1. Приходит SQL‑запрос.

2. Роутер вытаскивает из него ключ шардирования.

3. Если используется хеш‑шардирование, ключ сначала прогоняется через хеш‑функцию.

4. Полученное значение ищется в таблице диапазонов.

5. По диапазону находится шард.

6. Запрос уезжает на нужный PostgreSQL‑кластер.

В псевдокоде это выглядит примерно так:

func route(query string) Shard {

    key := extractShardingKey(query)

    routedKey := maybeхеш(key)

    kr := metadata.lookupKeyRange(routedKey)

    return kr.Shard

}

Конечно, в реальном роутере всё сложнее: есть транзакции, hints, COPY, prepared statements, кросс‑шардовые сценарии и пограничные случаи парсинга. Но сама идея ровно такая.

Отсюда важный вывод: главное требование к маршрутизации — не сложность алгоритма, а дешевизна каждого решения. Для OLTP‑нагрузки роутер должен принимать решение за микросекунды и не ходить за каждым запросом во внешнее хранилище метаданных. Именно поэтому метаданные о распределении данных должны помещаться в память роутера.
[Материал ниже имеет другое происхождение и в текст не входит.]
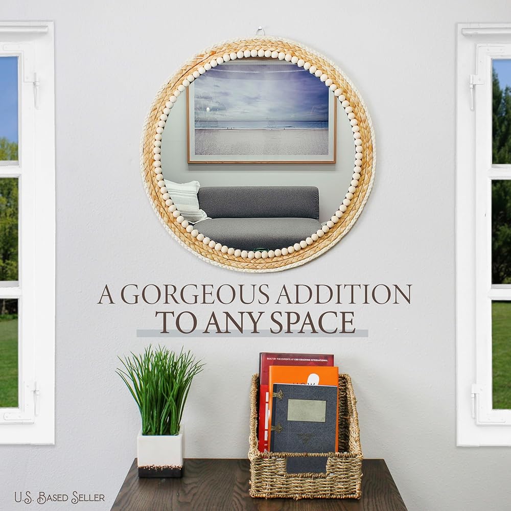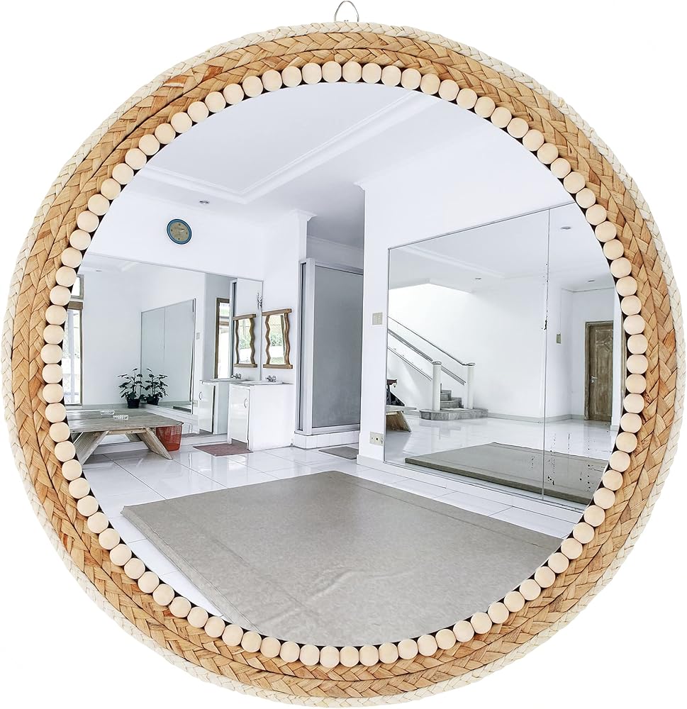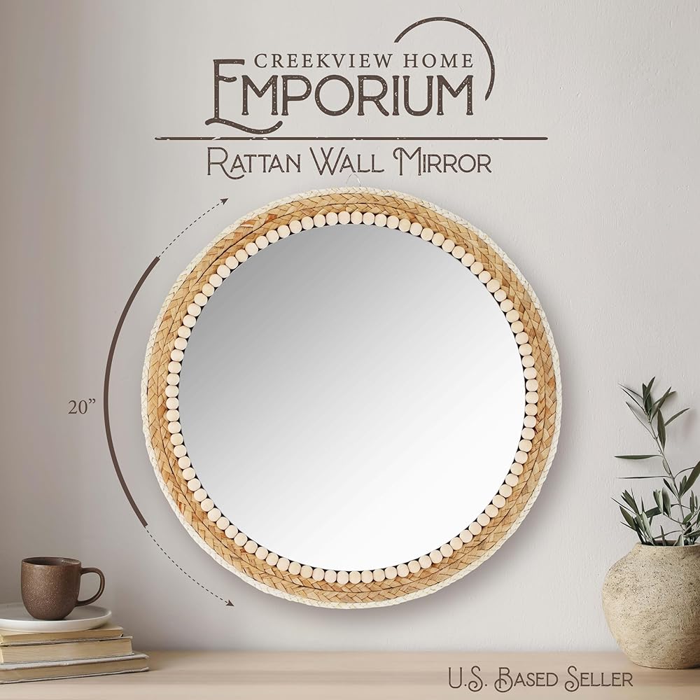 ديكور حائط مرآة المزرعة - دائرة مرآة من الروطان معلقة مقاس 20 بوصة - ديكور مرآة بوهو ريفي للحمام وغرفة النوم والحضانة والمدخل
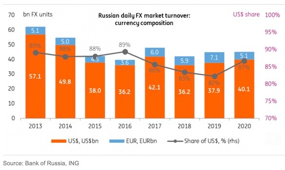 Долю внешних займов в долларах за 7 лет удалось сократить с почти половины до 37%, а доля доллара в торговле сырьем, достигавшая 80%, к концу 2020 года упал ниже 50% впервые в современной истории.

import "github.com/jackc/pgx"

// Connect to the Postgres server
conn, err := net.Dial("tcp", "localhost:5432")

// Create a new pgx Frontend object using the TCP connection
frontend := pgproto3.NewFrontend(conn)
defer frontend.Close()

for {

    // Receive the next message from the server
    msg, err := frontend.Receive()

    switch v := msg.(type) {
    case *pgproto3.Query:
        log.Printf("Query is %s", v.String)
        return nil // Process query message
    default:
        log.Fatalf("Unexpected message from server: %v", msg)
    }
}

import "github.com/pganalyze/pg_query_go"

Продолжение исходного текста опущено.